Python Reptile combat Scrapy crawl and product information into the database

This article describes the framework Scrapy crawling coupons book information, and writes the result mysql database.



You need to install the package:

  • pip install wheel
  • pip install twisted
  • pip install lxml
  • pip install scrapy

Anaconda Prompt recommended installation.


1 Scrapy framework

1.1 Introduction

Scrapy is a website for crawling data, extract structured data written application framework. Applications can include program data mining, processed, or stored in a series of historical data.

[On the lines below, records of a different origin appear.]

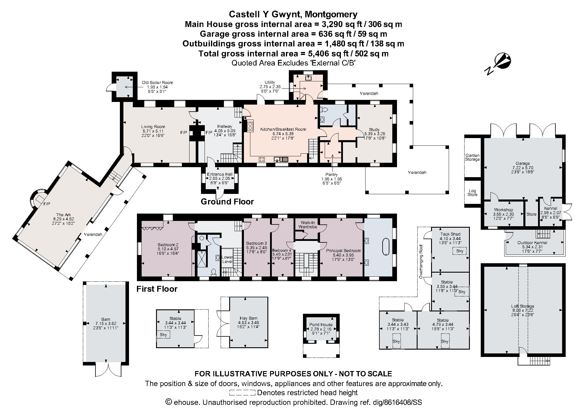 A beautifully presented lifestyle property offering privacy, superb views and equestrian facilities, set in about 5.76 acres with outbuildings.DescriptionCastell Y Gwynt is an extremely special property, nestled into the valley of Llandyssil, just a few miles from Montgomery. The property is surrounded by far reaching views and wonderful countryside, with glimpses of Snowdonia and Cadair Idris on a clear day. The property offers a fantastic lifestyle along with complete privacy and well thought out equestrian facilities.The house was re-built from an older farmhouse, in 1998 with The Ark extension added on about 15 years ago. The accommodation is beautifully presented with a number of character features including shutters to some of the windows, exposed beams and stone and amazing views from most of the rooms. Starting at the side of the house, the 'everyday' entrance opens into a useful boot room and utility, with a door opening into the farmhouse style kitchen which has granite worktops, a two oven aga, a Belfast sink and oak units. There is underfloor heating from the kitchen into an inner hallway, off which is a cloakroom with a large storage cupboard, a separate pantry and a study.The kitchen also provides access to the main entrance hall which also serves as a snug, and has a wood burner and built in units. A door leads into a porch and the formal entrance, with additional storage and provides access to the formal gardens.The snug/hallway also provides access to the drawing room which has built in bookshelves, a wood burner and a door leading into the impressive 'Ark' which is an oak framed extension, with under floor heating, large glazed windows to absorb the beautiful scenery and views, French doors leading outside and a Stovax inset stove.Stairs rise from the entrance hall/snug to the guest suite where there is a shower room, airing cupboard and a double bedroom, which is triple aspect with built in wardrobes.From the landing, a door leads through to a double bedroom (3), with a door leading into bedroom 4, which could serve as a dressing room to the principal bedroom. This room may be accessed either from the stairs in the kitchen, or from the landing area, accessed off bedroom 4.The principal bedroom has a walk in wardrobe with an airing cupboard and a triple aspect ensuite bathroom with underfloor heating.Gardens & GroundsThe gardens are wonderfully mature with a formal lawn area extending from the front of the house, continuing around the side. A blocked pathway leads to a seating area within the corner of the formal garden and a further pathway leads to an orchard, where there are a number of fruit trees including cherry and apple.There is a York stone patio which runs along the front of the house and continuing along the side, with a veranda over part of it, offering a wonderful covered space for al fresco dining.The formal garden has views over the paddocks and towards the wildlife pool and pool house, which has an eco grass roof and a wood burning stove, the perfect place to sit and relax in an evening. From here you can watch some magnificent sunsets and sun rises, whilst taking in the breath taking views towards Snowdonia.To the back of the house is a secret herb garden with paved and gravel paths. Steps rise through a Beech arch, onto a blocked path and a further lawn area.Equestrian facilities & GroundsCastell Y Gwynt is accessed off a single track lane, which leads to a private electric gated driveway.Once through the gates, the 20m x 40m ménage, with a sand and carpet fibre surface, is tucked away on your right hand side. The driveway is lined with woodland to the left hand side and formal gardens to your right hand side, beyond the ménage.The driveway opens into a spacious parking area where there is a timber clad double garage, which has a kennel with outside access, a secure tack room and boarded loft space above. There is a separate log store to the side, spanning the length of the garage. To the left of the garage is an open bay, steel portal shed.To the back of the garage is a further kennel and a gravel path leading to the stables which are accessed through a wooden gate. There is a concrete yard within the centre, a hay store, a tack room with water connected, and four stables.LocationLocated in a rural setting offering privacy within 2.4 miles of Montgomery, which is a small town situated in the Welsh marches a stones throw from Offa's Dyke Path and the National Cycle Route 81. It also provides access to plenty of other footpaths and Montgomery Castle. The town has a thriving community along with cafes, pubs, a primary school and restaurants.Churchstoke is about 4.5 miles away and has a supermarket along with a pub, Welshpool has a larger selection of shops, supermarkets, leisure centre and amenities including a secondary school and is about 7 miles away, whilst Newtown is about 9 miles and also offers a selection of amenities and further schooling. Shrewsbury is about 21 miles away and offers further shopping, a theatre and schooling in the private and state sector.The property boasts views towards Montgomery Town Hill County War Memorial which is also within walking distance. In the distance, and on a clear day you can see Snowdon (Yr Wyddfa) and Cadair Idris, Kerry Ridge and towards Welshpool. There is access to bridle paths within a short distance from Castell Y Gwynt.Both Welshpool and Newtown have train stations on the Cambrian Line, serving West Wales with links to Shrewsbury.Square Footage: 3,290 sq ftAcreage:5.76 AcresDirectionsSat nav will not take you to the property- please follow WHAT3WORDS belowWhat3Words/// order.poorly.crispyAdditional InfoPowys County Council- Band HMains electricity, private water by way of a borehole, private drainage (Cesspool).Pv panels on a feed in tariff- Approximately £2500 per annum.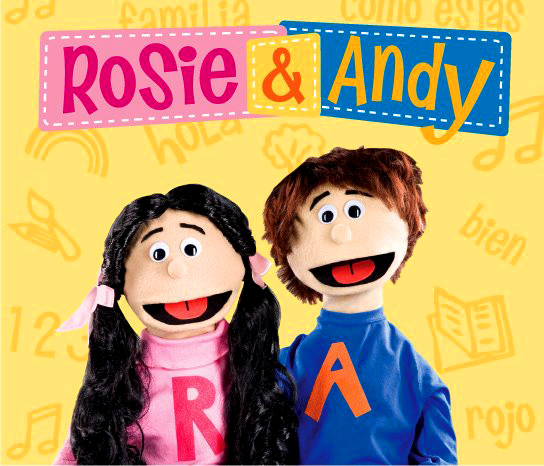 Studio photo of handmade puppet characters "Rosie" and "Andy," eventually used in CD art and web logo layouts.
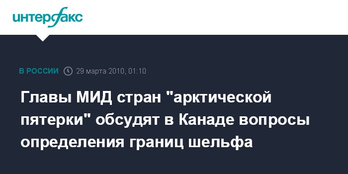 Как ранее сообщил министр иностранных дел Канады Лоуренс Кеннон, на встрече будут затронуты вопросы определения границ шельфа, безопасности и возможные последствия глобального потепления климата для Крайнего Севера.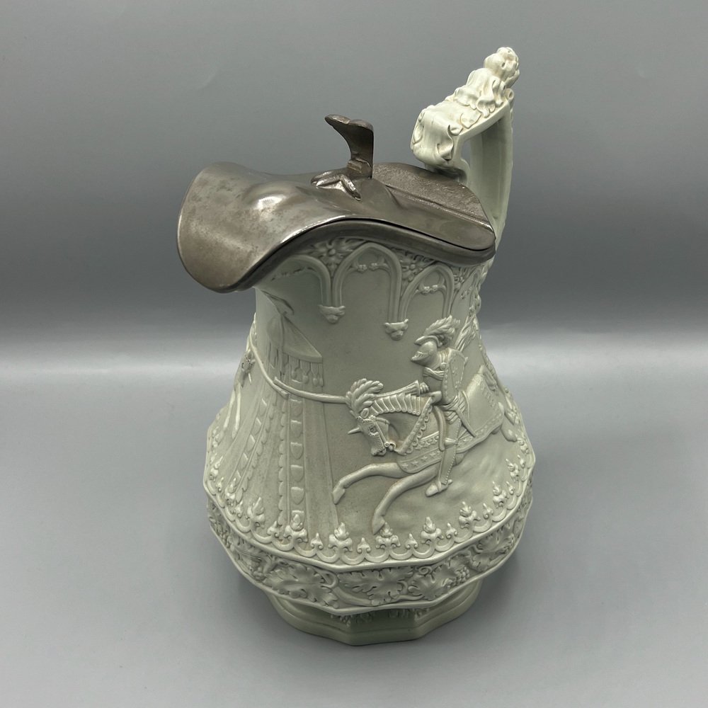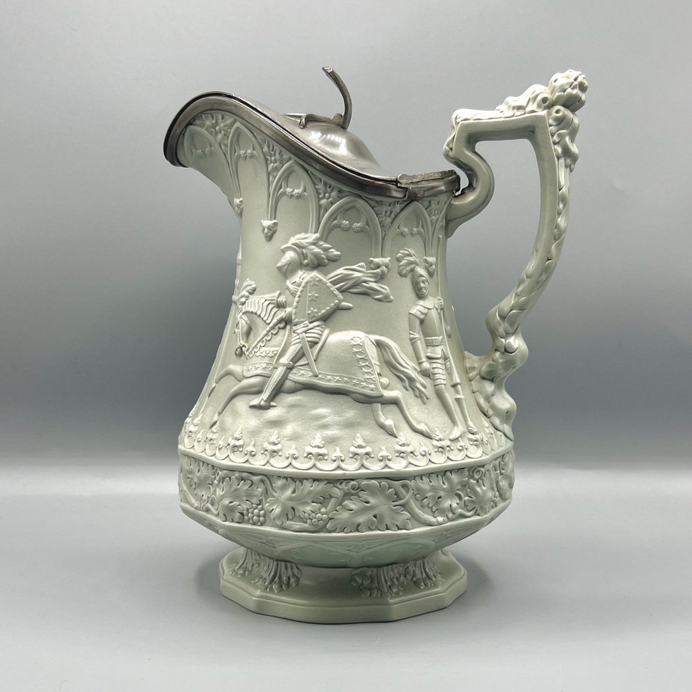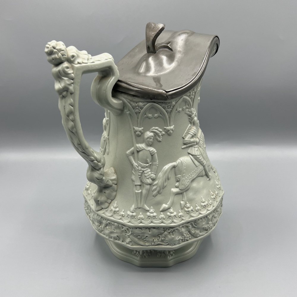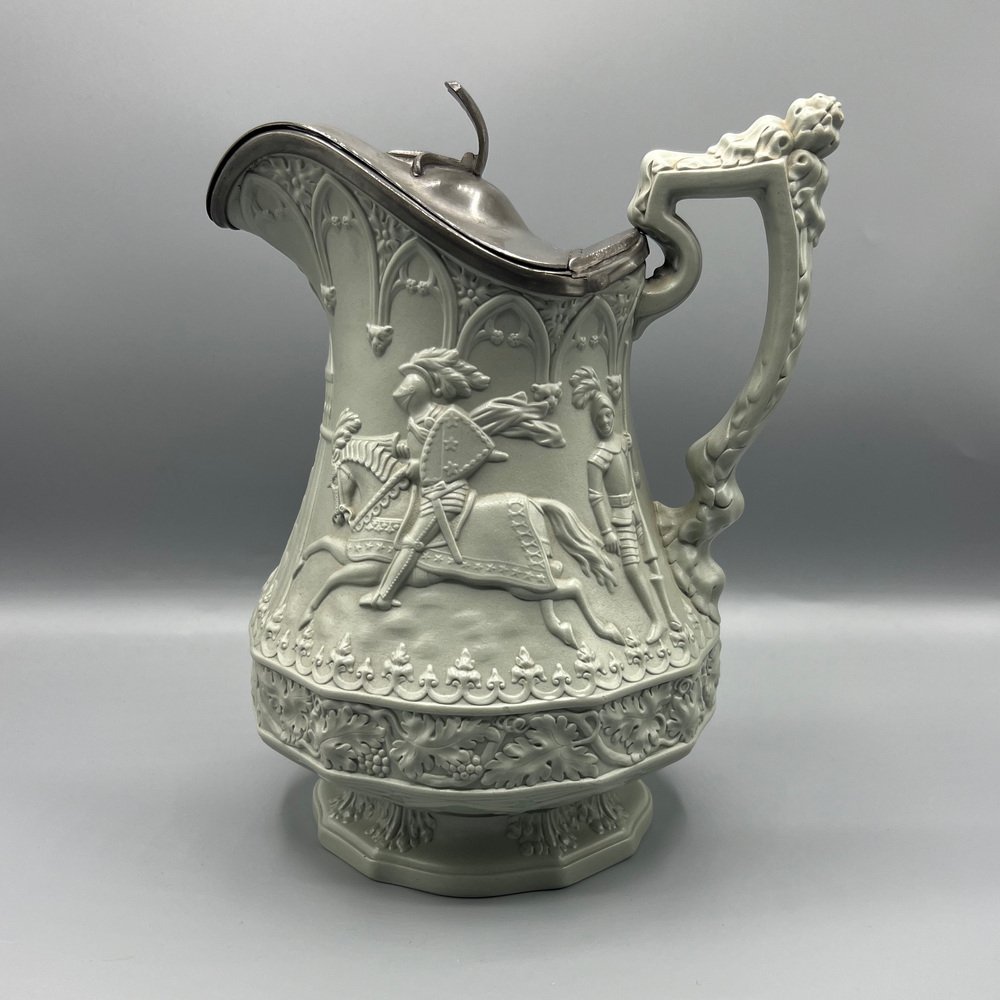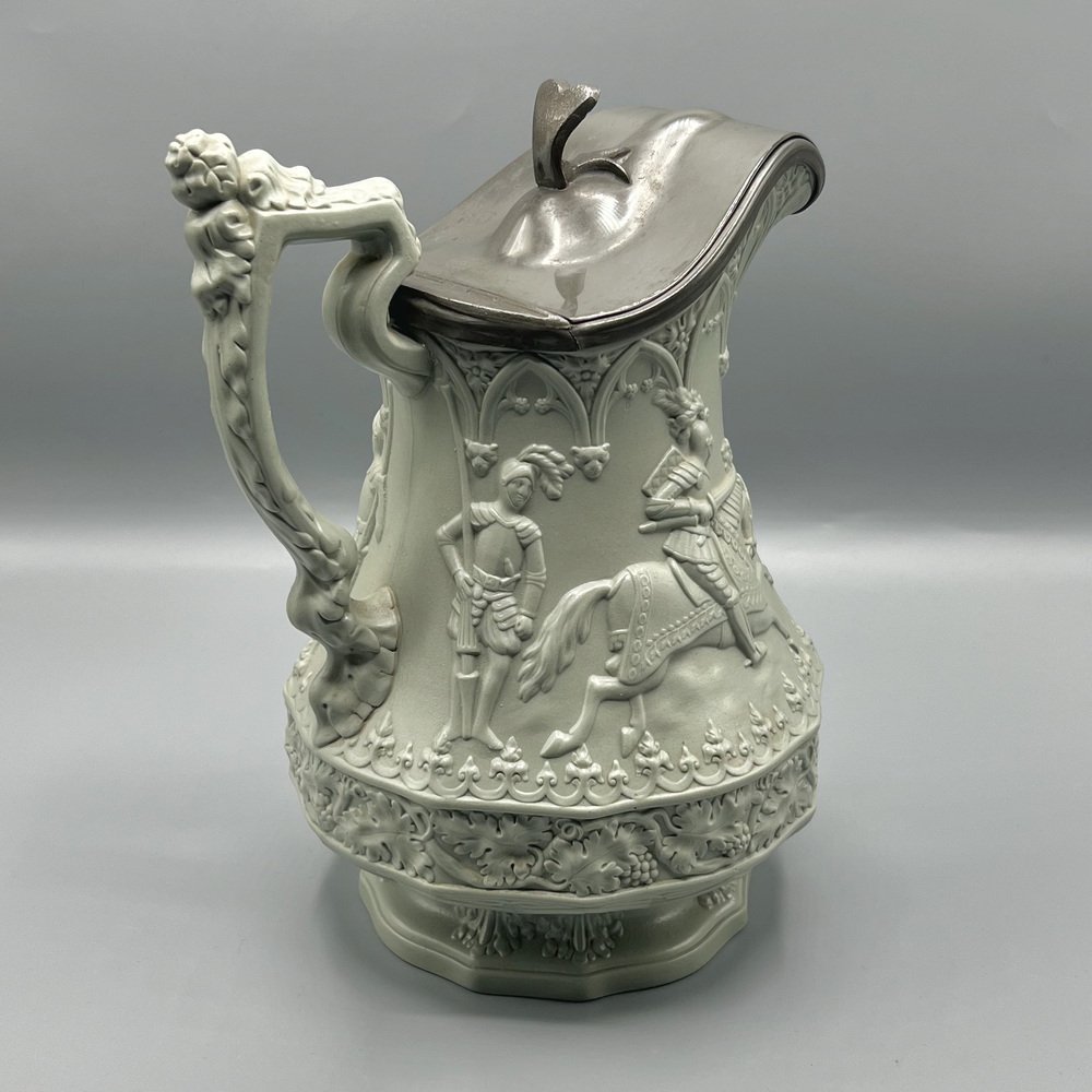 Gothic Revival Ceramic Relief Jug with Pewter Mount from W. Ridgway & Son, England, 1840s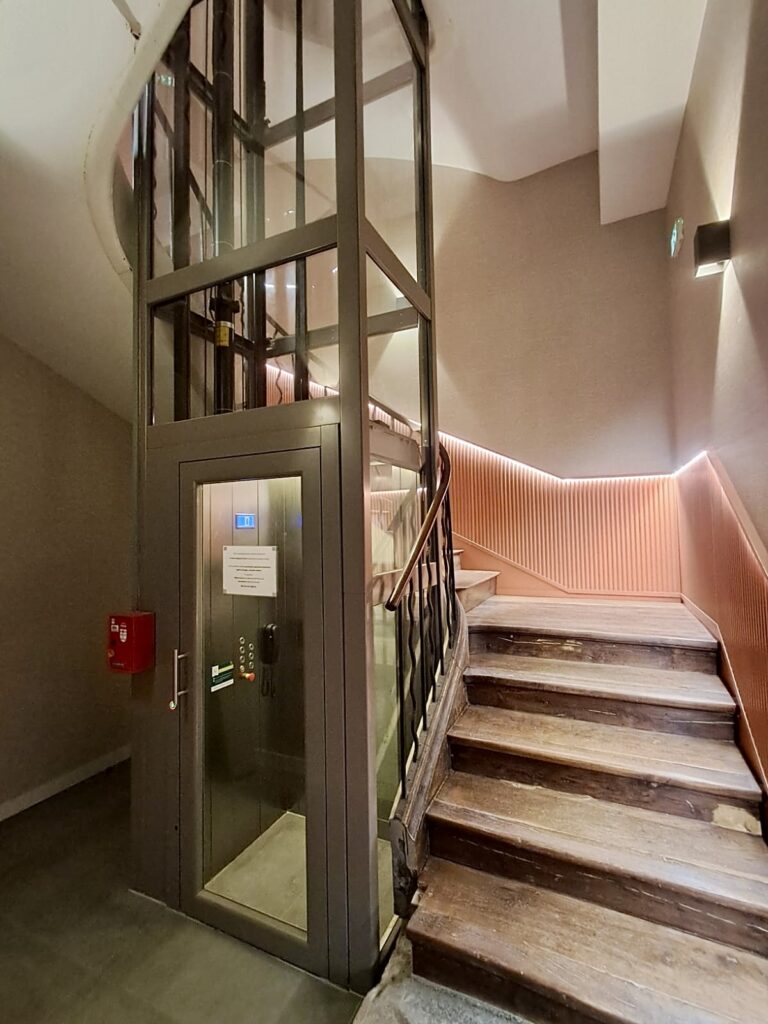 Cet élévateur PMR Elfo s’adapte aux dimensions particulières des escaliers du bâtiment. Le client avait besoin d’une solution stable, fiable et durable. Ainsi, nous avons travaillé chaque détail avec précision afin d’obtenir un résultat parfait. De plus, la cabine respecte toutes les contraintes du lieu et offre un confort optimal. Avec une capacité pouvant aller jusqu’à 400 kg, il facilite également le transport de charges lourdes lorsque cela est nécessaire.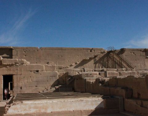 丹达拉的多座神庙都损毁严重,只剩一座哈索尔神庙,它几乎保持原貌,因留着克娄巴特拉七世的浮雕而闻名,值得你专程前来参观。克娄巴特拉七世是埃及在受罗马统治前的末代女王。 哈索尔神庙的主体建筑保留得十分完整,进去后右侧是两间接生房,旁边是科普特教堂遗址,再往里走便是神殿。神殿内部从墙壁到天花板都有精美完整的浮雕,色彩鲜艳美丽。尤其是天花板上,雕刻着十二星座的天体图和诸神驾驶太阳船穿越宇宙的场景。克娄巴特拉七世的浮雕在神殿南侧的墙壁上,轮廓鲜明,非常清晰。神殿后方有一个房间,可以通往地下墓室,那里有闻名的类似灯泡的壁画,很神奇。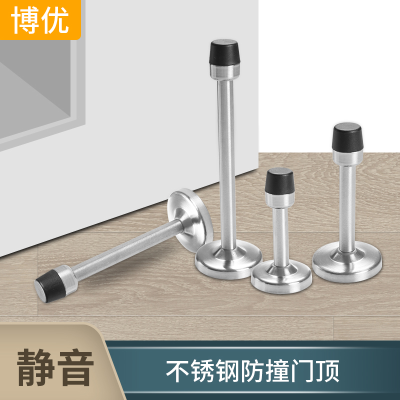 Door top free of punching stainless steel rubber limit lengthened door stopper glass door anti-knock door Resistance Door Bumper muted
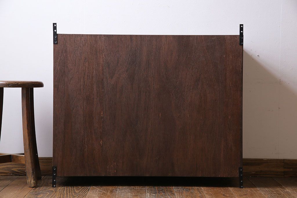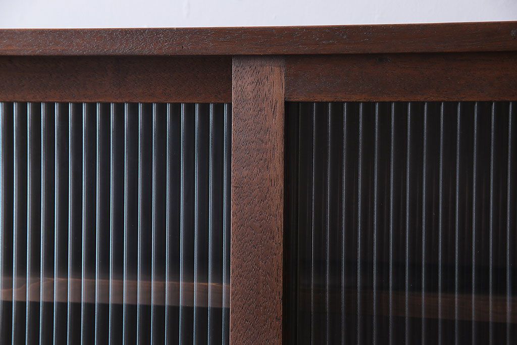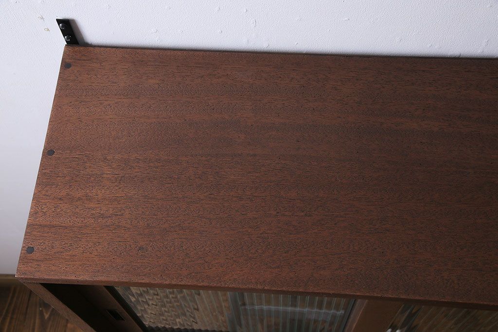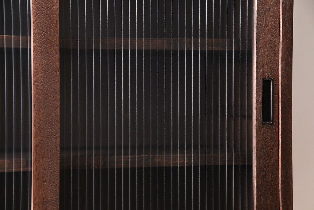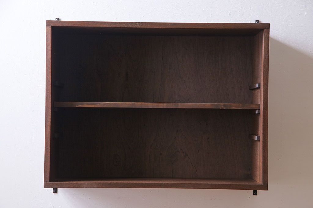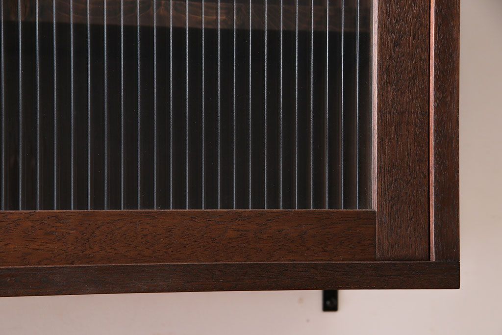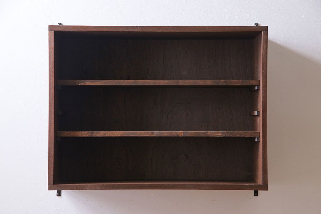 ラフジュ工房オリジナル モールガラス入り 古材を活かしたウォールシェルフ(ウォールキャビネット、壁掛け収納棚、戸棚)

It was originally intended to crawl the page (more precisely, the web crawler) designed, it can also be used in obtaining the data returned by the API (such as Amazon Associates Web Services) or general-purpose web crawler.


Common commands 1.2

  • scrapy startproject tutorial : Create a crawler project;
  • scrapy genspider -l : View reptile template;
  • scrapy genspider -t basic example example.com(Example): template basic, reptiles file name example, the domain name example.com;
  • scrapy crawl : Run reptiles;
  • scrapy list: List all available spider current project. Each line of output a spider.

2. Basic use

1. Open a command line, enter the following command to create scrapy project

scrapy startproject FirstProject

2. Project directory structure
Here Insert Picture Description
3. Go to the project, see the reptiles template:

>cd FirstProject
>scrapy genspider -l
Available templates:
  basic
  crawl
  csvfeed
  xmlfeed

4. Create reptiles, note that the domain name does not include the host name ; (such as www.)
For example, suppose crawling video CCTV5 world football's site at: http://tv.cctv.com/lm/txzq/videoset/ , generate You can also modify later in the program, wrong does not matter, just modify the program when there is a note field is the domain name.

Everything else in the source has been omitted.